A train is moving in the north-south direction with a speed of `108 kmh^(-1)`. Find the e.m.f. generated between two wheels, if the length of the axle is 2m. Assume that the vertical component of earth's field is `8.0 xx 10^(-5) Wbm^(-2)`

To find the electromotive force (e.m.f.) generated between the two wheels of a train moving in the north-south direction, we can use the formula for induced e.m.f. in a conductor moving through a magnetic field.

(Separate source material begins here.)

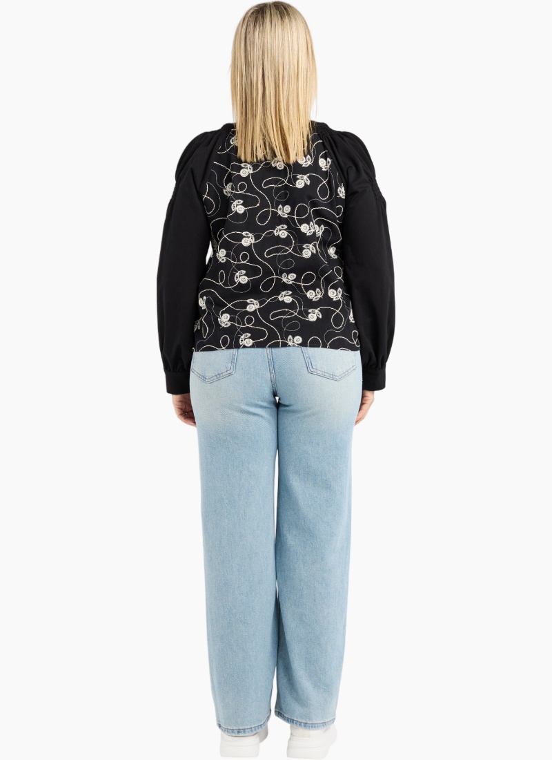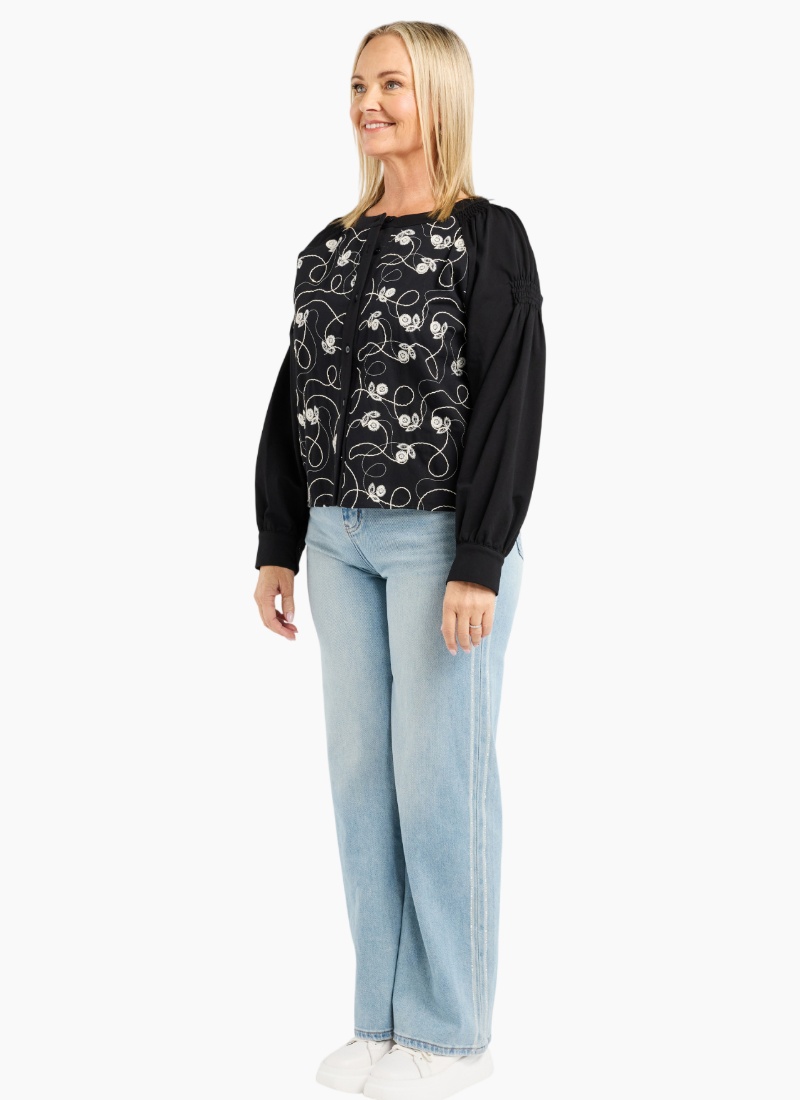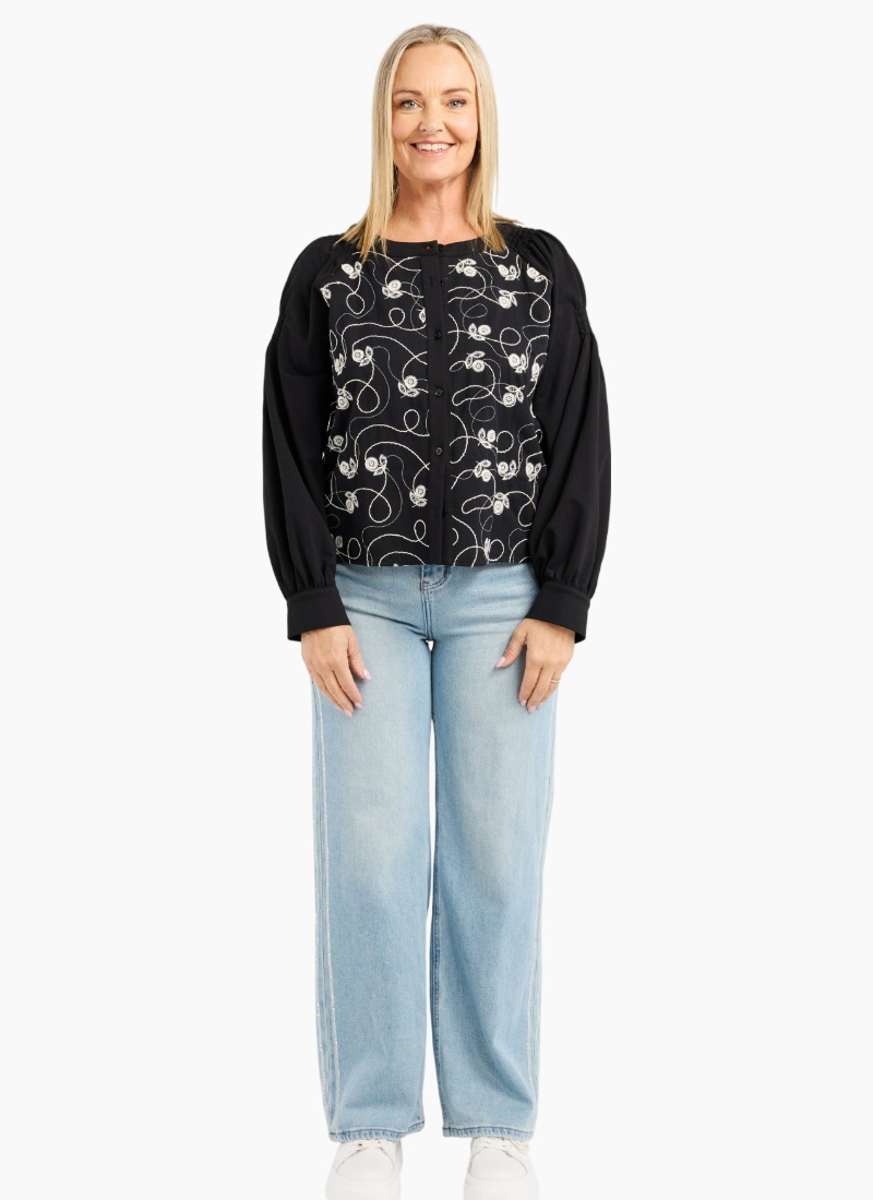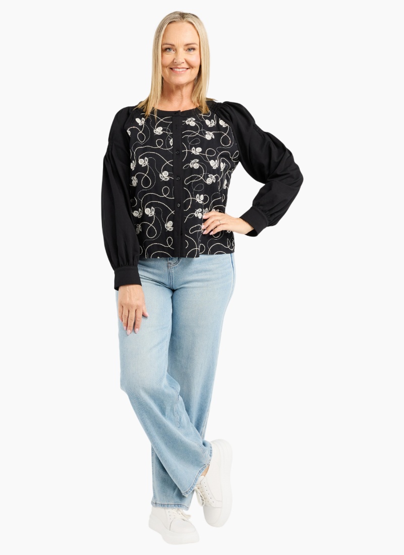 Timeless, meet Texture. The Alina Top by Zafina is the piece your wardrobe has been waiting for. Featuring stunning floral stitching across the front, this top balances a structured look with the softness of ruched, voluminous sleeves. Why you’ll love it: Two-in-One Versatility: Heavy enough to be worn as a chic cropped jacket or a classic button-down top. Artisanal Detail: Intricate "Flower Thread" embroidery with a delicate scatter of tiny gold sequins on the bodice. Flattering Silhouette: Round neckline and elegant cuffed sleeves..

The formula is given by: \[ E = B \cdot L \cdot v \] Where: - \(E\) is the induced e.m.f. (in volts), - \(B\) is the magnetic field strength (in webers per square meter, Wb/m²), - \(L\) is the length of the conductor (in meters), - \(v\) is the speed of the conductor (in meters per second). ### Step-by-Step Solution: 1. **Convert the speed from km/h to m/s**: - The speed of the train is given as \(108 \, \text{km/h}\). - To convert km/h to m/s, we use the conversion factor: \(1 \, \text{km/h} = \frac{5}{18} \, \text{m/s}\). - Thus, \[ v = 108 \times \frac{5}{18} = 30 \, \text{m/s} \] 2. **Identify the given values**: - Length of the axle \(L = 2 \, \text{m}\) - Vertical component of Earth's magnetic field \(B = 8.0 \times 10^{-5} \, \text{Wb/m}^2\) 3. **Substitute the values into the e.m.f. formula**: - Now we can substitute the values into the formula \(E = B \cdot L \cdot v\): \[ E = (8.0 \times 10^{-5}) \cdot (2) \cdot (30) \] 4. **Calculate the e.m.f.**: - Performing the multiplication: \[ E = 8.0 \times 10^{-5} \cdot 2 \cdot 30 = 8.0 \times 60 \times 10^{-5} = 480 \times 10^{-5} = 4.8 \times 10^{-3} \, \text{V} \] 5. **Convert the e.m.f. to millivolts**: - Since \(1 \, \text{V} = 1000 \, \text{mV}\): \[ E = 4.8 \times 10^{-3} \, \text{V} = 4.8 \, \text{mV} \] ### Final Answer: The e.m.f. generated between the two wheels of the train is \(4.8 \, \text{mV}\).